* **What needs to be done**:
Print the listing as it stands, omitting all images.

# # # # # # #

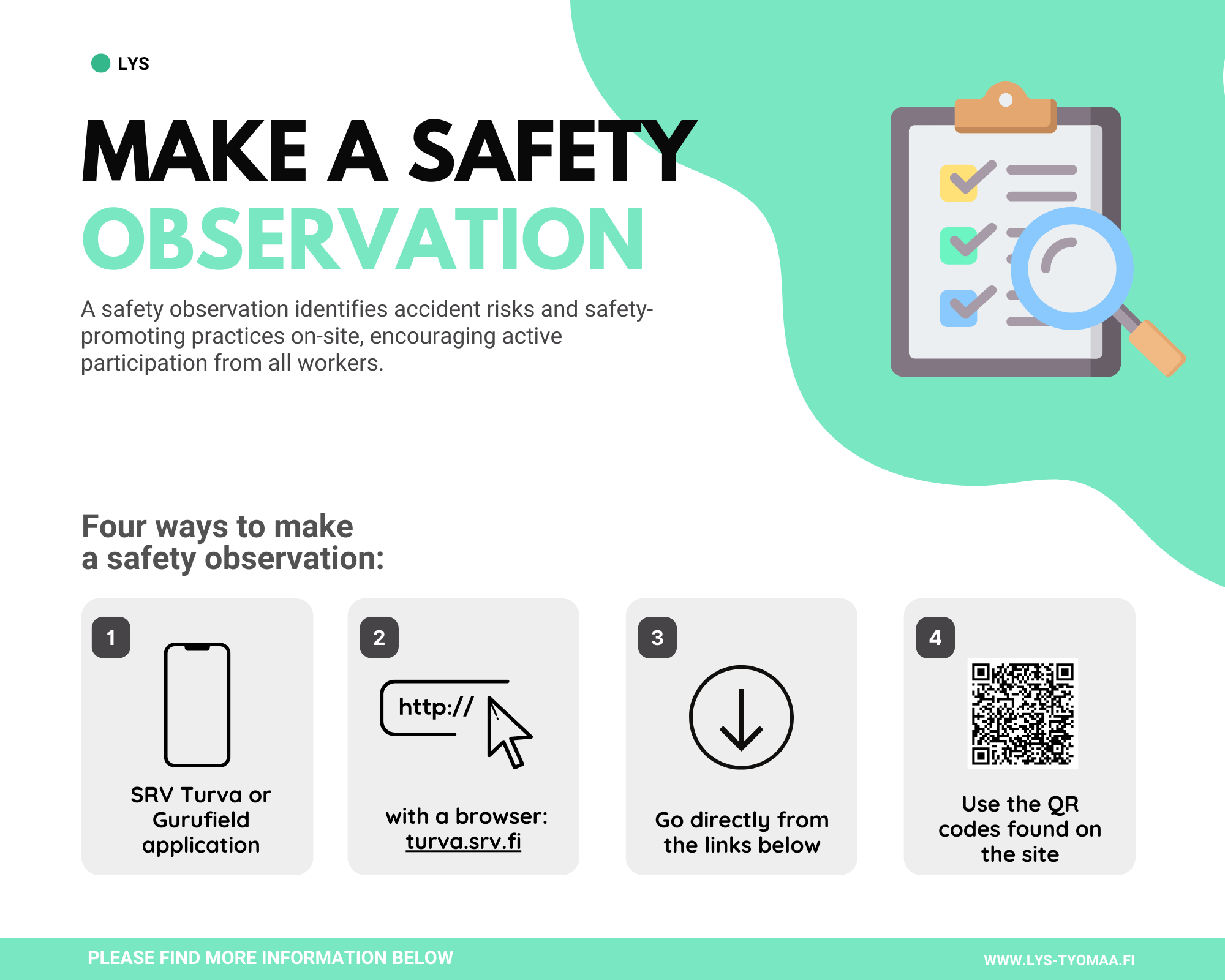 Päivittäinen, laadukkaiden havaintojen teko auttaa työmaata ja parantaa turvallisuutta. Mitä useampi työyhteisön jäsen osallistuu yhteisen työpaikan ympäristön havainnointiin, sitä turvallisempi työympäristö meillä kaikilla on.
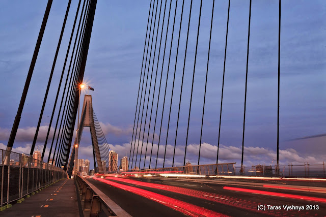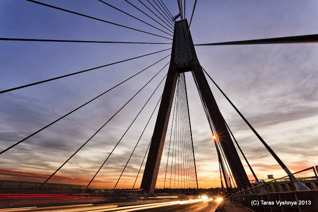 И эти же ванты образуют частокол, оттененный размазанными огнями машин. Это если на закате смотреть на юго-восток, в сторону Сити.
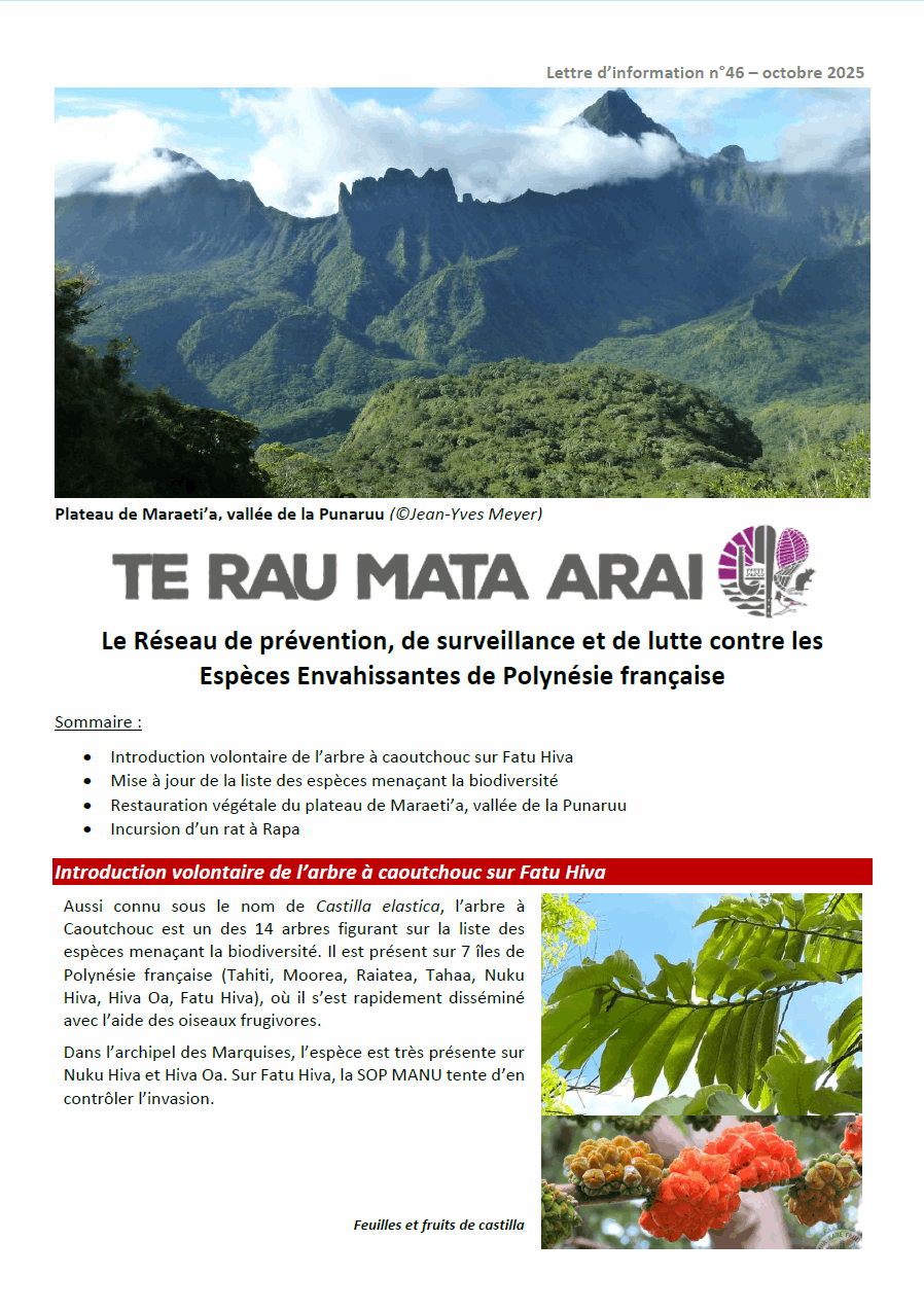 Aujourd’hui, 52 espèces animales et végétales introduites sont classées selon le code de l’environnement en tant qu' »espèces menaçant la biodiversité de Polynésie française ».
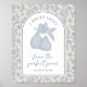Bläddra gästerna till din favör bord med den här eleganten dammiga blåa Perfekten Pear möhippa-skylten. Med en mjuk päronillustration som är inramad i en Fransk gräns och med bågformad design är det perfekten för efterrätt pub, godisbuffets och party favors. Tillgängligt i många-storlekar för kostym i ditt händelserumme.
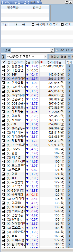 > 제목 : 장마감후 특정종목들 거래대금이-로 나옵니다
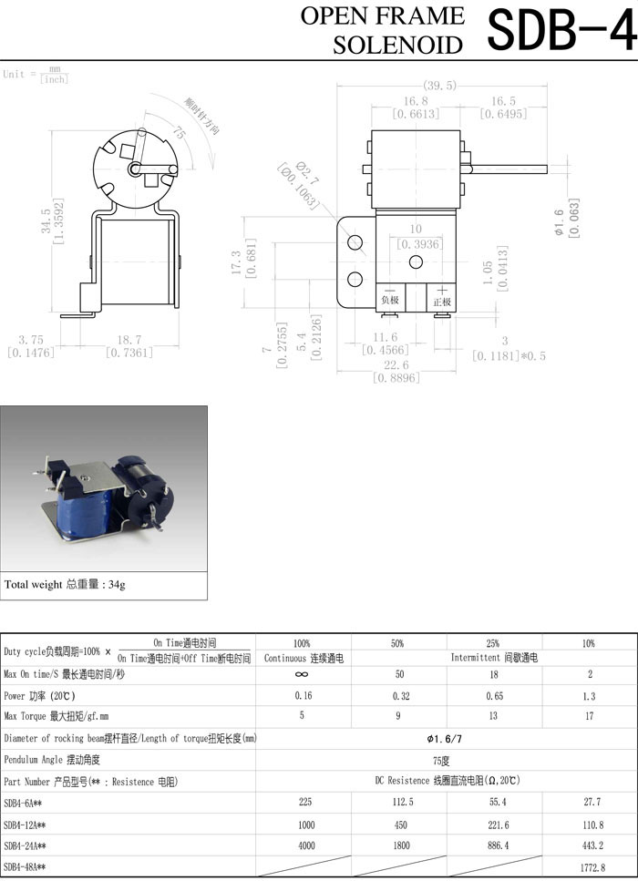 SDB4-6A,SDB4-12A,SDB4-24A,SDB4-48A,旋擺式電磁鐵
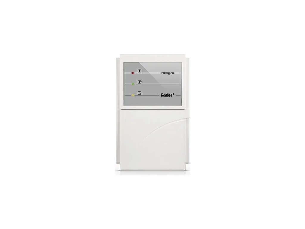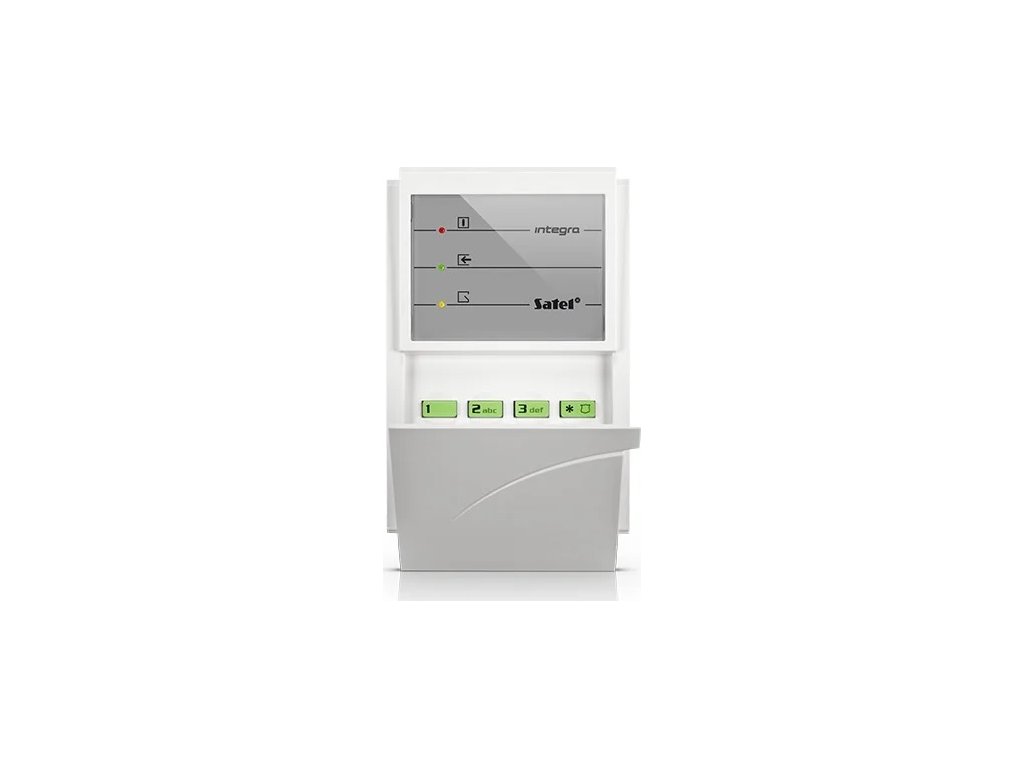 Kódový zámok pre systém INTEGRA, zelené podsvietenie, umožňuje kontrolu vstupu do miestnosti alebo oblasti s el. zámkom, vstup na kontrolu stavu dverí, relé na ovládanie el. zámku dverí, zatažiteľnosť výstupu 2 A / 24 V, dvojitá sabotážna ochrana pred otvorením a odtrhnutím od steny, LED pre signalizáciu stavu dverí, akustická signalizácia otvorenia dverí, klávesy pre napadnutie-požiar-pomoc, max. prúdový odber 66 mA, rozmery 80 x 127 x 24 mm
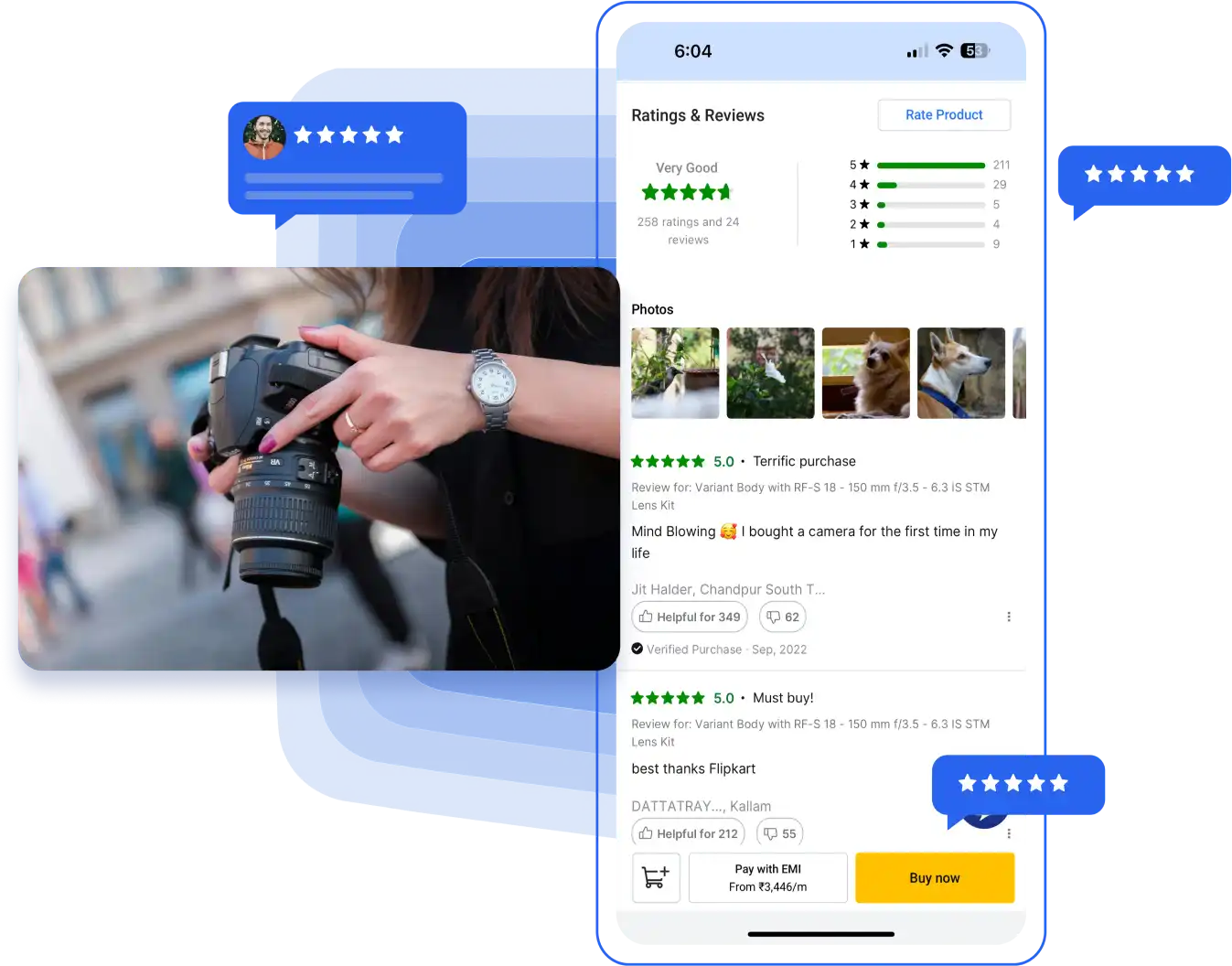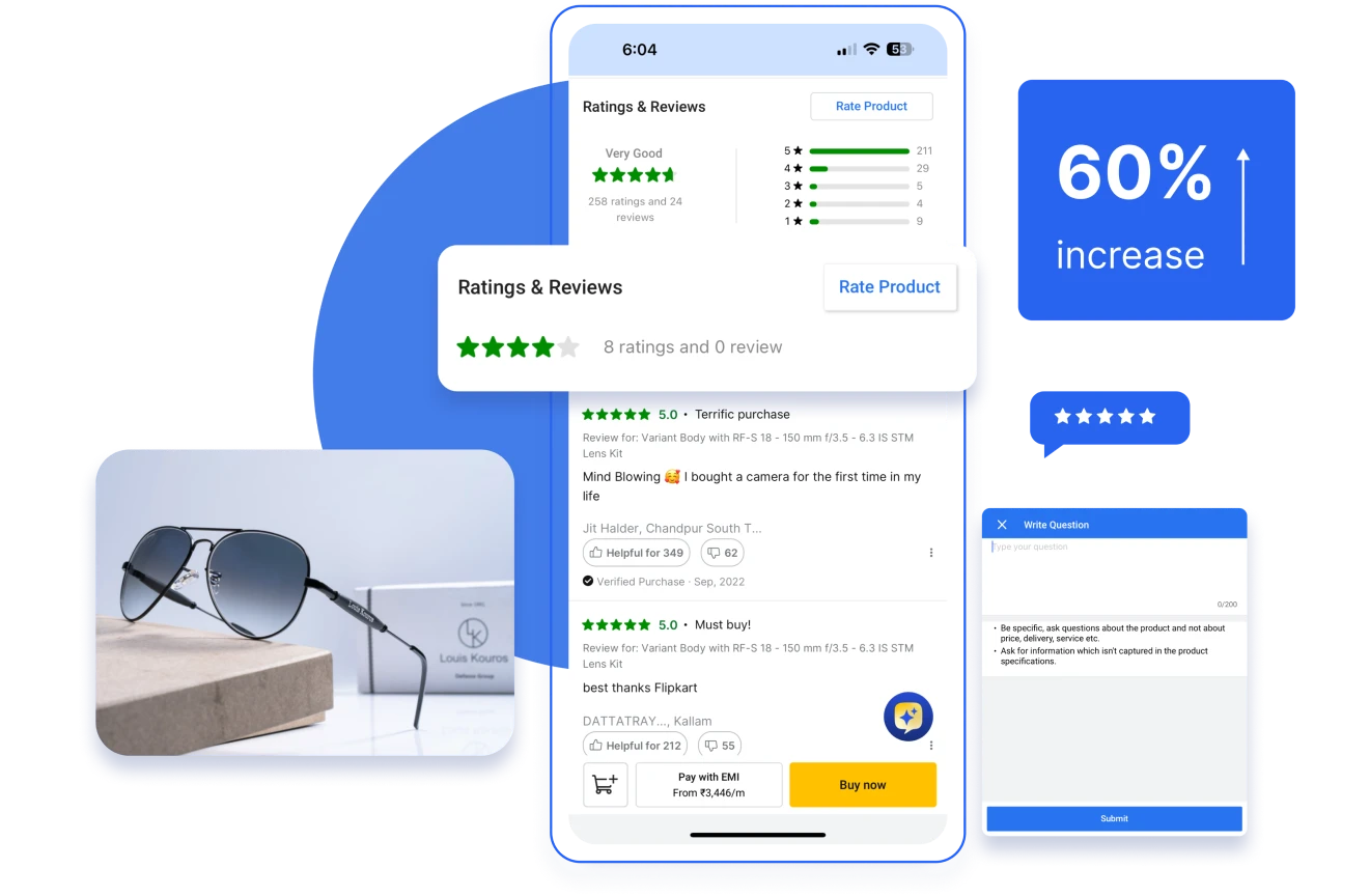FCC's rating and review software boosts user trust through authentic customer reviews, maximizes conversions by displaying ratings across key product pages, and personalizes customer outreach to gather text, image, and video reviews.

# # # # # # #

* **Expected output**:
 Päivittäinen, laadukkaiden havaintojen teko auttaa työmaata ja parantaa turvallisuutta. Mitä useampi työyhteisön jäsen osallistuu yhteisen työpaikan ympäristön havainnointiin, sitä turvallisempi työympäristö meillä kaikilla on.
 И эти же ванты образуют частокол, оттененный размазанными огнями машин. Это если на закате смотреть на юго-восток, в сторону Сити.
 Aujourd’hui, 52 espèces animales et végétales introduites sont classées selon le code de l’environnement en tant qu' »espèces menaçant la biodiversité de Polynésie française ».
Bläddra gästerna till din favör bord med den här eleganten dammiga blåa Perfekten Pear möhippa-skylten. Med en mjuk päronillustration som är inramad i en Fransk gräns och med bågformad design är det perfekten för efterrätt pub, godisbuffets och party favors. Tillgängligt i många-storlekar för kostym i ditt händelserumme.
 > 제목 : 장마감후 특정종목들 거래대금이-로 나옵니다
 SDB4-6A,SDB4-12A,SDB4-24A,SDB4-48A,旋擺式電磁鐵
 Kódový zámok pre systém INTEGRA, zelené podsvietenie, umožňuje kontrolu vstupu do miestnosti alebo oblasti s el. zámkom, vstup na kontrolu stavu dverí, relé na ovládanie el. zámku dverí, zatažiteľnosť výstupu 2 A / 24 V, dvojitá sabotážna ochrana pred otvorením a odtrhnutím od steny, LED pre signalizáciu stavu dverí, akustická signalizácia otvorenia dverí, klávesy pre napadnutie-požiar-pomoc, max. prúdový odber 66 mA, rozmery 80 x 127 x 24 mm
FCC's rating and review software boosts user trust through authentic customer reviews, maximizes conversions by displaying ratings across key product pages, and personalizes customer outreach to gather text, image, and video reviews.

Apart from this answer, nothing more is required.